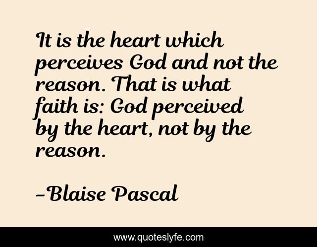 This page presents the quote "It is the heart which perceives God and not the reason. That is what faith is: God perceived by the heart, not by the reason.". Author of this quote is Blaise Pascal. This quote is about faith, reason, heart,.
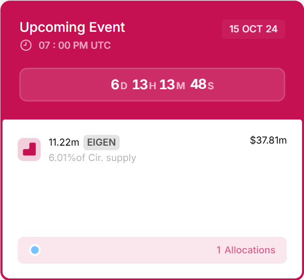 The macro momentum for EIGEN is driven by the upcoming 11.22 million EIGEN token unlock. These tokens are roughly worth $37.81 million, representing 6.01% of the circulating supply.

==

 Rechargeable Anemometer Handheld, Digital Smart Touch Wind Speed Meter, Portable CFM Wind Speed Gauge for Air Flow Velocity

• **Task to carry out**:
Using the listing above, repeat word for word each line from the one with "This page presents" down to the one with "The macro momentum", both included. Omit all pictures.

• **Output of the task**:
 This page presents the quote "It is the heart which perceives God and not the reason. That is what faith is: God perceived by the heart, not by the reason.". Author of this quote is Blaise Pascal. This quote is about faith, reason, heart,.
 The macro momentum for EIGEN is driven by the upcoming 11.22 million EIGEN token unlock. These tokens are roughly worth $37.81 million, representing 6.01% of the circulating supply.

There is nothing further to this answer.